What is the efficiency of this sorting algorithm?

Question

Recently I thought of a different way to sort numbers. Basically it involves treating a list of numbers as a series of upwards and downwards shifts. For example 1 3 2 would be translated to up-down since from one to three there is an increase and from three to two there is a decrease.

Every number in a list (excluding repeated elements) can be represented as a number from 1 to the size of the list, where this number represents its position in the ordered list. Therefore, any list of size n can be expressed as a series of numbers from the range 1-n. Given that there are n possible entries for the first element, n-1 for the second, n-2 for the third and so on, we see there are n! possibilities for a list of size n. These possibilities can then be grouped in terms of what up-down behavior they exhibit.

3412 and 2413 can be grouped into up-down-up.

Now that we have the permutations grouped by their behavior we find a specific transformation for each group so that the greatest variety of groupings is created after the transformation. A transformation in this context means shifting the indexes of the permutation and is written as a list of size n. For example, if we apply 3214 to the permutation 4213 then we get the permutation 1243. The first index becomes the first, the second becomes the second the first becomes the third and the fourth stays the fourth. In this example the permutation 4213 had rule down-down-up and after the transformation changed to up-up-down. As long as more than one permutation belongs to a group following a given rule after one or more transformations, more transformations need to be applied. Elaboration: if we have 4 permutations of type up-down-up and we apply transformation a to them and get two of type down-down-up and two of type up-up-down, we need to apply transformation b to the down-down-up group and transformation c to the down-down-up group. Finally we have one permutation from b which changed to down-up-up, one from b which turned to up-up-down, one from c which turned to down-up-down and one from c which turned to down-down-up. Once every permutation belongs to only one group, we store the string of rules that transformation followed until becoming its own group. Moreover, we find what transformation leads to this permutation being sorted, or in up-up-up…-up. In this example the one that ended up as down-up-down would be written as (up-down-up)-(down-down-up)-(down-up-down).
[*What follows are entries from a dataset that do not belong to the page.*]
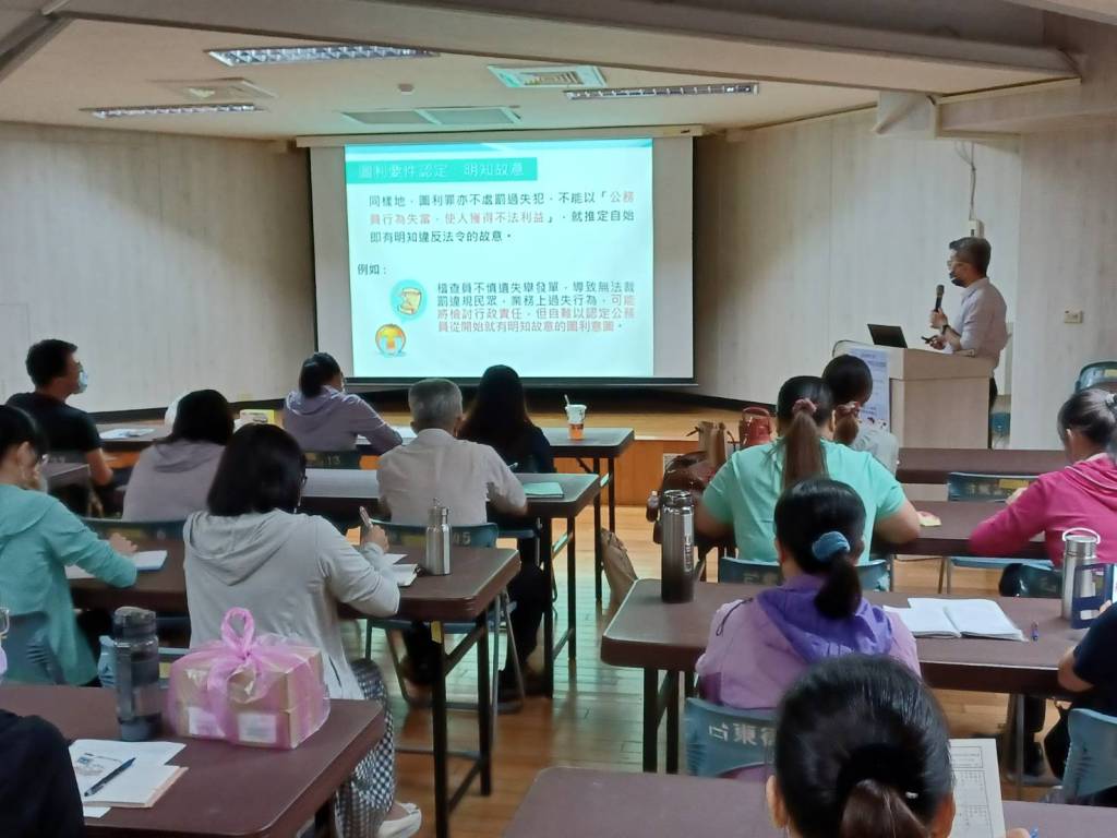 臺東縣衛生局為協助同仁瞭解廉政法令規範及從事公務應有行為準則,日前由政風室規劃於衛生局5樓大禮堂舉辦「111年專案法紀宣導講習」,邀法務部廉政署駐署檢察官蔡佰達授課,希望建立員工廉能觀念與法治素養,未來在執行職務時能依法遵循。
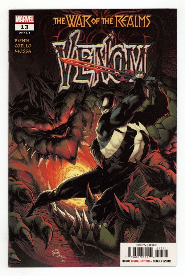 Tags: Marvel Legacy Numbering: Venom (part 178), War of the Realms (Marvel) (part ACT 1: Tie-In)$12.00Written by Cullen Bunn. Art by Iban Coello. Cover by Ryan Stegman. WAR OF THE REALMS TIE-IN! The Marvel Comics event of the year makes landfall in the world of the wicked web-slinger as Venom gets swept up in Malekith's campaign to take over the Ten Realms! But Malekith has designs for the sinister symbiote…and they may prove fatal! 28 pages, full color. Rated T+ Cover price $3.99.
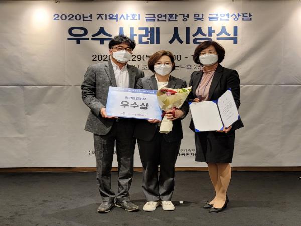 군은 지난 10월 29일 보건복지부와 한국건강증진개발원 국가금연지원센터에서 주관하는‘2020년 지역사회 금연환경조성 및 금연상담 우수사례 평가대회’에서 우수기관 상을 수상했다.
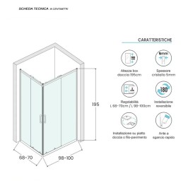 Cabina doccia 70x90 in vetro con porte scorrevoli trasparenti in cristallo temperato da 5mm di spessore con possibilità di installazione reversibile per un'apertura sia da destra che da sinistra. Le ante sono dotate di chiusura magnetica e di sgancio rapido. La struttura del box doccia è composta da un profilo in alluminio cromato lucido con possibilità...

Once we know how every permutation behaves given a series of transformations, we are ready to sort any list of size n. Keep in mind that the preparation process needs to be done only once. The data structure which holds it together, (im thinking a map with keys being strings of u's for ups and d's for downs and values for the permutations which follow those rules) needs to be created only once and can then be used infinitely many times to sort any list of size n.

In order to sort a list with the data structure we first look through the list in order to determine which rule it originally follows. Then we apply the transformation we previously chose for this rule and see what rule it changes to. We repeat this process until we reach a rule with only one permutation. At this point we get the sorting transformation and apply it to our list to get a sorted list.
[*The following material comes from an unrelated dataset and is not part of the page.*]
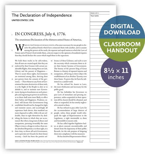 Declaration Of Independence (United States | 1776) -- Digital Download -- Classroom Handout -- 8.5 By 11 (Letter-Size) Printable For Teachers
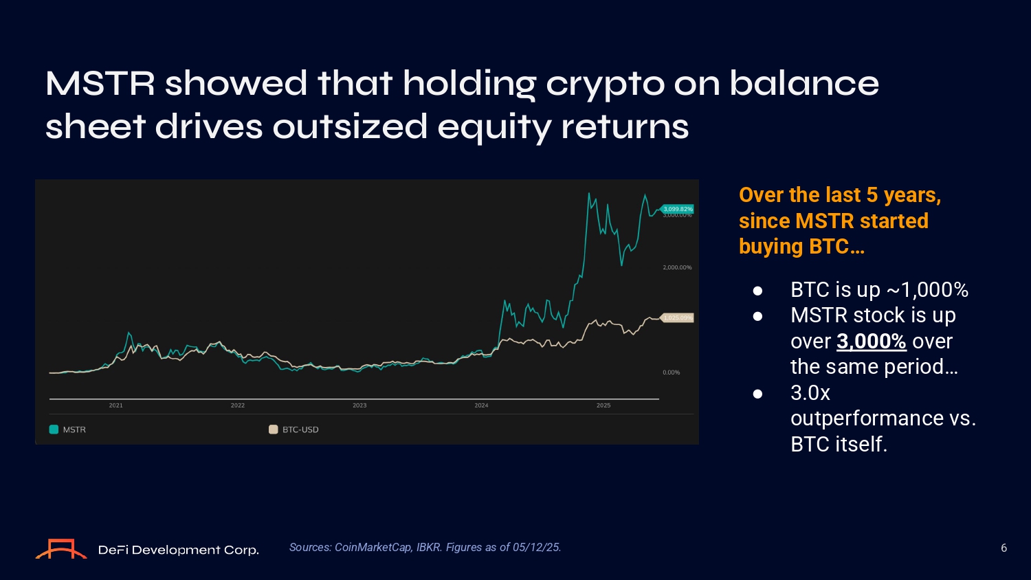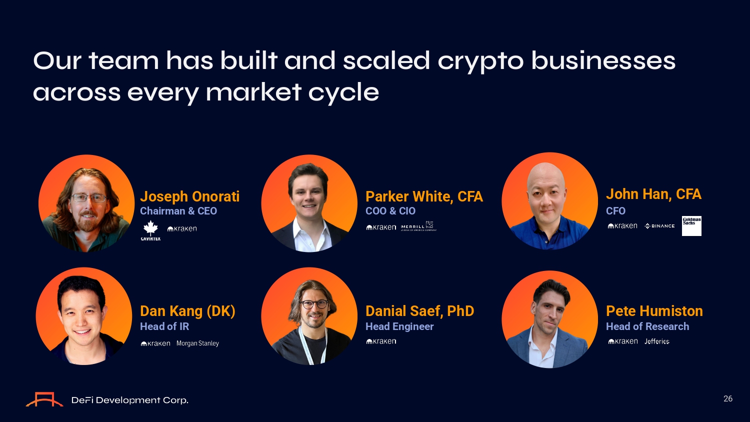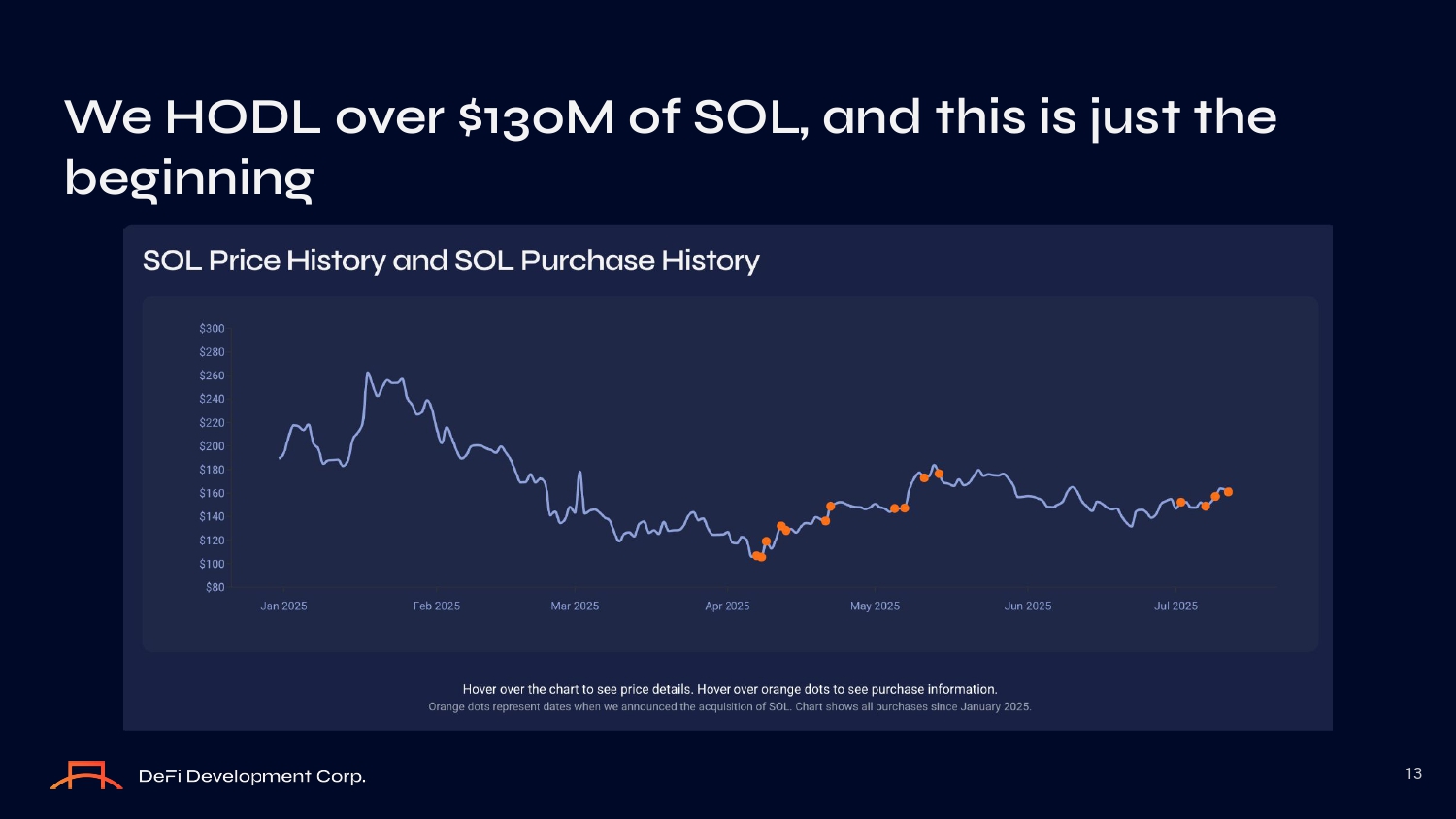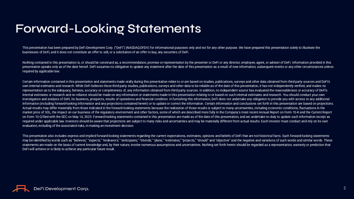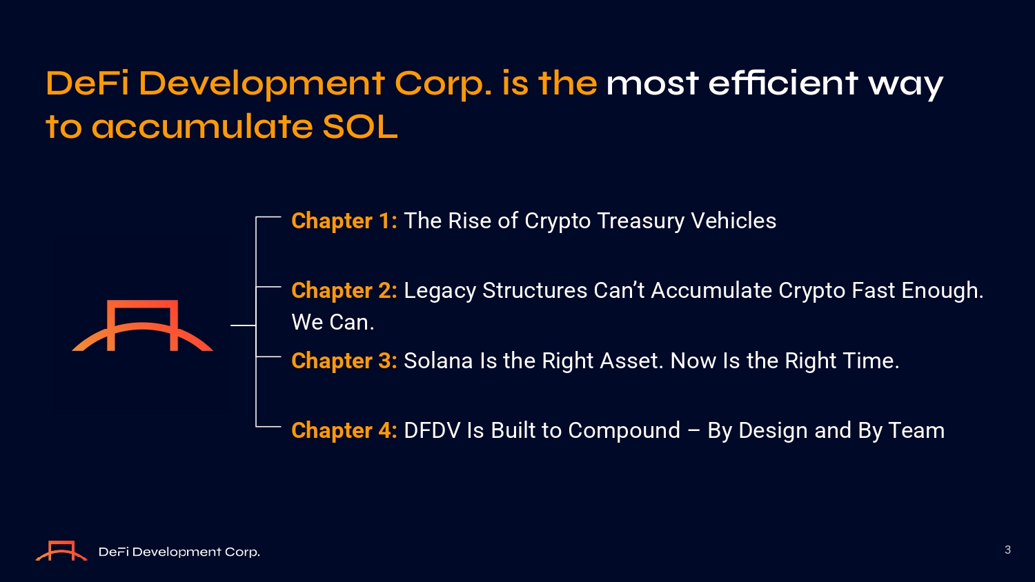 Forward - Looking Statements 2 This presentation has been prepared by DeFi Development Corp. (“DeFi”) (NASDAQ:DFDV) for informational purposes only and not for any other purpose. We have prepared this presentation solely to illustrate the businesses of DeFi, and it does not constitute an offer to sell, or a solicitation of an offer to buy, any securities of DeFi. Nothing contained in this presentation is, or should be construed as, a recommendation, promise or representation by the presenter or DeFi or any director, employee, agent, or adviser of DeFi. Information provided in this presentation speaks only as of the date hereof. DeFi assumes no obligation to update any statement after the date of this presentation as a result of new information, subsequent events or any other circumstances unless required by applicable law. Certain information contained in this presentation and statements made orally during this presentation relate to or are based on studies, publications, surveys and other data obtained from third - party sources and DeFi’s own internal estimates and research. While DeFi believes these third - party studies, publications, surveys and other data to be reliable as of the date of this presentation, it has not independently verified, and makes no representation as to the adequacy, fairness, accuracy or completeness of, any information obtained from third - party sources. In addition, no independent source has evaluated the reasonableness or accuracy of DeFi’s internal estimates or research and no reliance should be made on any information or statements made in this presentation relating to or based on such internal estimates and research. You should conduct your own investigation and analysis of DeFi, its business, prospects, results of operations and financial condition. In furnishing this information, DeFi does not undertake any obligation to provide you with access to any additional information (including forward - looking information and any projections contained herein) or to update or correct the information. Certain information and conclusions set forth in this presentation are based on projections. Actual results may differ materially from those indicated in the forward - looking statements because the realization of those results is subject to many uncertainties, including economic conditions, fluctuations in the market price of SOL, the impact on our business of the regulatory environment and other factors, some of which are described more fully in the Company's most recent Annual Report on Form 10 - K and the Current Report on Form 10 - Q filed with the SEC on May 14, 2025. Forward - looking statements contained in this presentation are made as of the date of this presentation, and we undertake no duty to update such information except as required under applicable law. Investors should be aware that projections are subject to many risks and uncertainties and may be materially different from actual results. Each investor must conduct and rely on its own evaluation, including of the associated risks, in making an investment decision. This presentation also includes express and implied forward - looking statements regarding the current expectations, estimates, opinions and beliefs of DeFi that are not historical facts. Such forward - looking statements may be identified by words such as “believes,” “expects,” “endeavors,” “anticipates,” “intends,” “plans,” “estimates,” “projects,” “should” and “objective” and the negative and variations of such words and similar words. These statements are made on the basis of current knowledge and, by their nature, involve numerous assumptions and uncertainties. Nothing set forth herein should be regarded as a representation, warranty or prediction that DeFi will achieve or is likely to achieve any particular future result.

I realize that the preparation phase for this algorithm is o(n!) but since it needs to be done only once, and after that point it works at worst-case o(nlogn) (or maybe even better, honestly not sure what the efficiency is) it may be worth it. Given that n! grows ridiculously fast, I realize the memory the backing data structure requires is a considerable problem. However, maybe it can just be used for small lists.

Answer 1

I don't follow how this becomes more efficient than simpler mechanisms. You do your N! preparation work; you now have a graph of up-down (UD) sequences; each node has a list of ordinal sequences that match that UD pattern and a preferred transformation for that node. Eventually, you can find a path to the sorted (all U) node from anywhere.

What I don't see is any magic that makes this a good idea. To sort a list,

repeat until done
    - traverse the elements to determine its UD pattern: O(n)
    - if the pattern is all U, quit; the list is sorted: O(n)
    - find the node that matches that pattern: O(1) hash function
    - apply the node's transformation to the list elements: O(n)

I see that the preparation work reduces the number of iterations to O(log n), giving an algorithm of O(n log n). However, this appears to be intrinsically slower than any one of the classic O(n log n) algorithms, such as quicksort .

Have I missed something in the intended implementation?